[cfe-dev] [LLVMdev] Language-specific vs target-specific address spaces (was Re: [PATCH] OpenCL support - update on keywords)

Wed Mar 2 06:38:55 PST 2011

On Tue, Mar 1, 2011 at 4:06 PM, David Neto wrote:
> On Mon, Feb 28, 2011 at 4:41 PM, Peter Collingbourne wrote:
>>
>> The more I think about it, the more I become uncomfortable with the
>> concept of language-specific address spaces in LLVM.  These are the
>> main issues I see with language-specific address spaces:
>
> ...
>
>> Instead of language-specific address spaces, each target should
>> concentrate on exposing all of its address spaces as target-specific
>> address spaces, and frontends should use a language -> target mapping
>> in target-specific code.  We can continue to expose the target's main
>> shared writable address space as address space 0 as we do now.
>>
>> For example, Clang could define a set of internal address space
>> constants for OpenCL and use TargetCodeGenInfo to provide the mapping
>> to target address spaces.
>
> In principle this is a fine idea.
>
> I think the difficulty is that LLVM and Clang provide an
> infrastructure for numbered address spaces, but no standard assignment
> on top of that infrastructure.

You can trace back the origins of the addrspace attribute in the
mailing list archives to this thread:
http://lists.cs.uiuc.edu/pipermail/llvmdev/2007-November/011385.html.
>From there, it is pretty clear that addrspace was introduced
specifically as a mechanism for implementing the 'named address space'
extensions defined in the Embedded C standard (ISO/IEC TR 18037,
http://www.open-std.org/jtc1/sc22/wg14/www/docs/n1169.pdf).

The Embedded C standard gives this overview of the 'named address
space' extension:

  Many embedded processors have multiple distinct banks of memory
  and require that data be grouped in different banks to achieve
  maximum performance.  Ensuring the simultaneous flow of data and
  coefficient data to the multiplier/accumulator of processors
  designed for FIR filtering, for example, is critical to their
  operation.  In order to allow the programmer to declare the memory
  space from which a specific data object must be fetched, this
  Technical Report specifies basic support for multiple address
  spaces.  As a result, optimizing compilers can utilize the ability
  of processors that support multiple address spaces, for instance,
  to read data from two separate memories in a single cycle to
  maximize execution speed.

If you dig into the Embedded C standard, you'll find that the 'named
address space' extension is highly target-specific.
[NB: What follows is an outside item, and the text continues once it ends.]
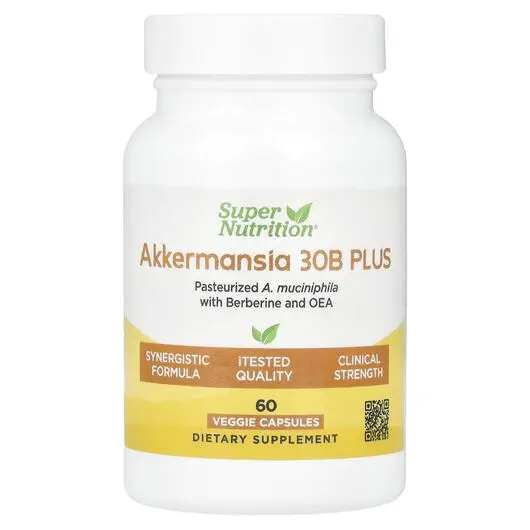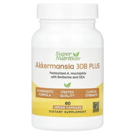 Super Nutrition Akkermansia 30B Plus це унікальна комбінація інгредієнтів (вбитих термічним впливом Akkermansia muciniphila , берберин індена фітосома, олеоїлетаноламін OEA), що підтримує здоров'я слизової оболонки шлунково-кишкового тракту, позитивно впливає на кишковий мікробіом (вміст кишкових мікробів) і сприяє секреція глюкагоноподібного пептиду-1 (GLP-1).

It is only
portable insofar as two target processors have similar memory
organization and use identical names for their address spaces.

So the reason that there aren't any conventions for the address space
numbers in clang/llvm is because there aren't any conventions for how
chip designers incorporate memories into the architectures that they
design.

The one convention that the Embedded C standard does specify is that
when the address space of a type is unspecified, the type is assumed
to be in the 'generic' space. Clang currently emits an address space
of zero in this case. Arguably, LLVM could define a single enum value,
GENERIC, for use by the code generators.

> The trick is define some conventions,
> e.g. what the numbers might mean for a language front-end, and whether
> the interpretation of the numbers change as the IR moves to later
> stages.  We're working in a bit of a vacuum.
>
> ...
>
> So I think we need a couple of things:
> - proposals for number assignments and their associated semantics.
> - code to flesh out and embody those semantics. e.g. a sample
> implementation / translation layer

In my opinion, any knowledge that front ends have of address spaces
should be dictated by the target's back end. Perhaps we should add
some virtual methods to LLVM's TargetMachine interface so front ends
can query the back end for the names and numbers of the address spaces
that they recognize, and expose them to end users in a standard way.
But having front ends impose the requirement on back ends that they
recognize some arbitrary set of language-specific address spaces seems
like a great misuse of the feature to me for reasons that Peter has
already pointed out.

> Basically Anton got the ball rolling: his code patch was a bit of
> both.  And I think he's planning to post a number of OpenCL proposals
> in general.

It seems to me, as Speziale already pointed out, that the OpenCL type
qualifiers aren't address space qualifiers at all (in the Embedded C
sense). They might be better implemented as a separate set of
qualifiers in the way that Objective-C defines its garbage-collection
qualifiers, __strong and __weak. See the Qualifiers class in
AST/Type.h.

> As it is, I hope that backends that do not understand address spaces
> at all know to error out when they receive IR that uses address
> spaces.

This is currently not the case. The back ends for architectures that
don't have multiple address spaces simply ignore the address space
number on the address operands of load and store nodes. The back ends
that do support multiple address spaces treat any address space number
that they don't recognize in the same way that they address space 0.

-Ken